Глава девятнадцатая. «Чудные дела твои, господи…»

После того как Алексей выгнал пресвитера из своего дома, Руденко чаще обычного стал приходить к Феклинье в гости.

— Не могла ты, сестра, сына удержать в истинной вере, — говорил он. — Накажет нас, грешных, господь за грехи великие.

Упрек пресвитера набожная Феклинья глубоко переживала. Она как-то сразу постарела, на почерневшем лице обозначились морщины.

Однажды Аленка слышала, как пресвитер сказал тетке Феклинье:

— Говорят, богоотступник наш в газету пишет. И тебя, сестра, опозорит, и всем братьям и сестрам неприятности доставит…

— Что я могу сделать? — вздохнула Феклинья.

— Так-то оно так, — согласился Руденко. — Но все в божьей воле…

Он что-то шепнул Феклинье. Та кивнула.

На другой день тетка сказала:

— Сходила бы, Аленушка, к Алексею. Что он там строчит в газету? Ты принеси бумагу-то, посмотреть надобно.

— Не даст он, тетя, — замотала головой Аленка.

Феклинья натянуто улыбнулась.

— Не даст. А ты тайком возьми.

— Грешно ведь. Боженька накажет, — испугалась девочка.

Феклинья замахала руками:

— Что говоришь-то, дочка… Глупости болтаешь. Брат Фома велит. А он не угодное богу делать не станет.

С тяжелым сердцем шла Аленка в дом Алексея. Поручение тетки Феклиньи пугало ее. Тетка сама же говорила, что Библия учит: «Не укради!». А теперь будто забыла, о чем пишется в божественной книге.

Вчера Ромка пришел к ним домой и показал книгу:

— Это Библия. Ты ей веришь? — спросил он.

Аленка кивнула. Еще бы — не верить Библии!..

И тогда вожатый звездочки раскрыл книгу и велел ей прочитать несколько строчек. И Аленка прочитала слова Христа, от которых ей стало страшно: «Я пришел разделить человека с отцом его и дочь с матерью… И враги человека — домашние его».

Девочка даже не поверила, что так жестоко может говорить Иисус. Значит, он хочет разделить Аленку с мамой?

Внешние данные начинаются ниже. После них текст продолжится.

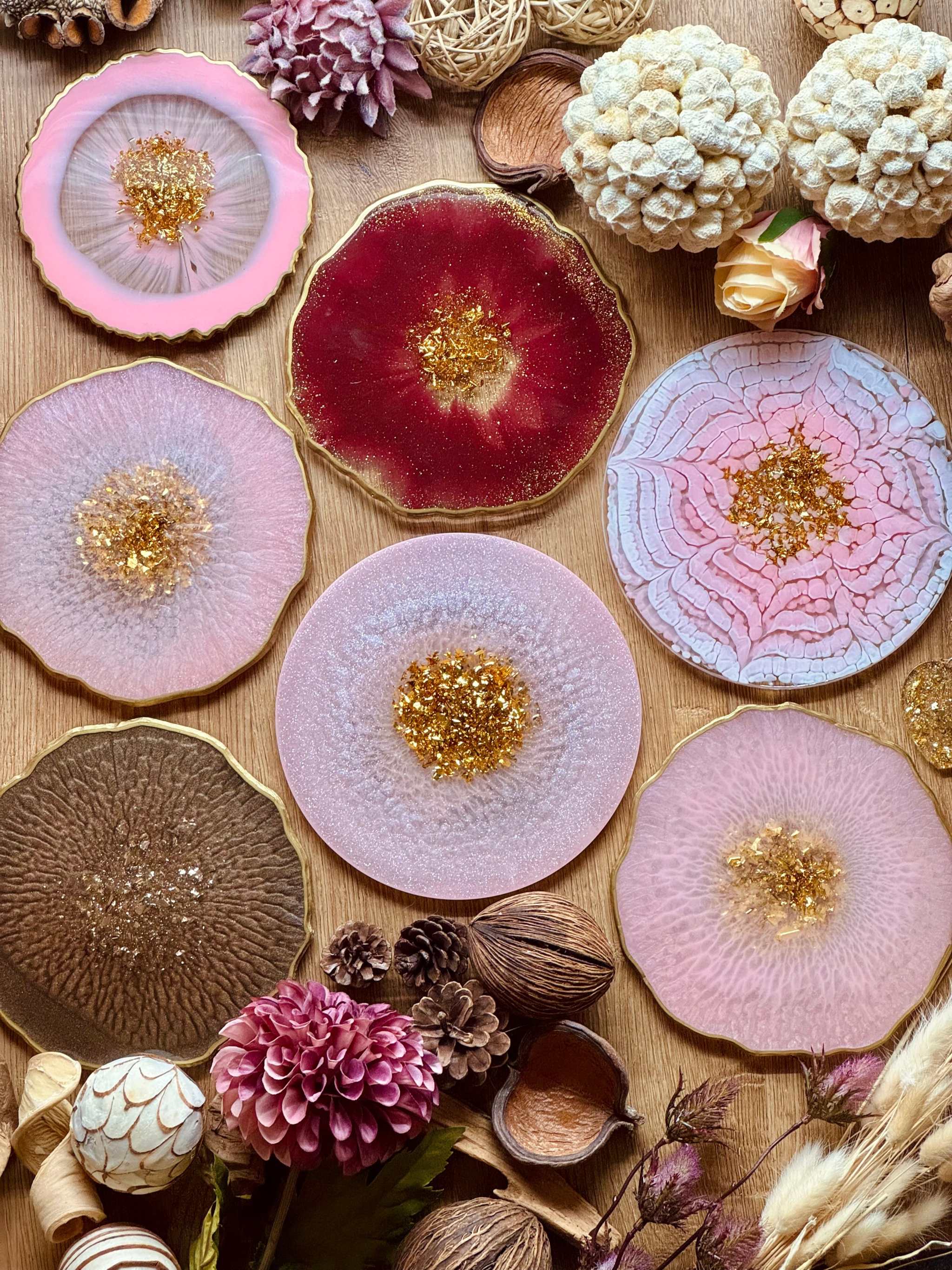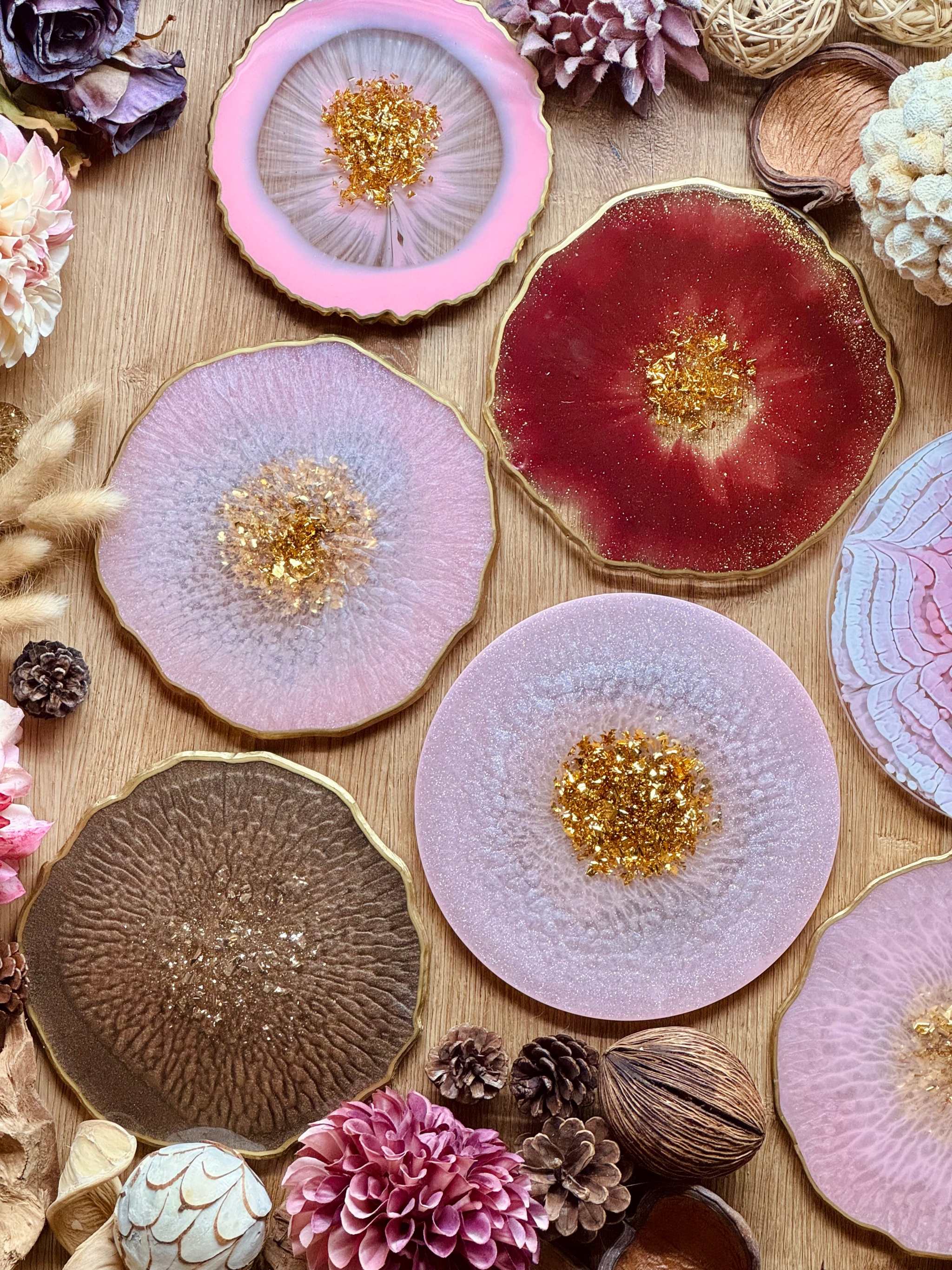 Handgemachte Tabletts aus Resin in rosa, rot und braun und goldenen Details. Alle meine Artikel sind einzigartige Unikate. Tabletts sind die perfekte Dekoration auf jedem Tisch oder Möbelstück und ein individuelles Geschenk für deine Liebsten. Maße: Ca. 17cm

— Неправда! Неправда! — сквозь слезы крикнула девочка. — Ты все это выдумал.

Ромка горько сказал:

— Ничего я не выдумывал. Если хочешь, то об этом и в другом месте есть. Мне Алексей показывал. Вот, смотри.

Аленка стала читать. Там говорилось, что попасть в рай может только тот человек, кто безоговорочно пойдет за Христом, отвернувшись от своих близких и возненавидев их. Строчки об этом так и стояли перед глазами: «Если кто приходит ко мне и не возненавидит отца своего, и матери, и жены, и детей, и братьев, и сестер, а притом и самой жизни своей, тот не может быть моим учеником…»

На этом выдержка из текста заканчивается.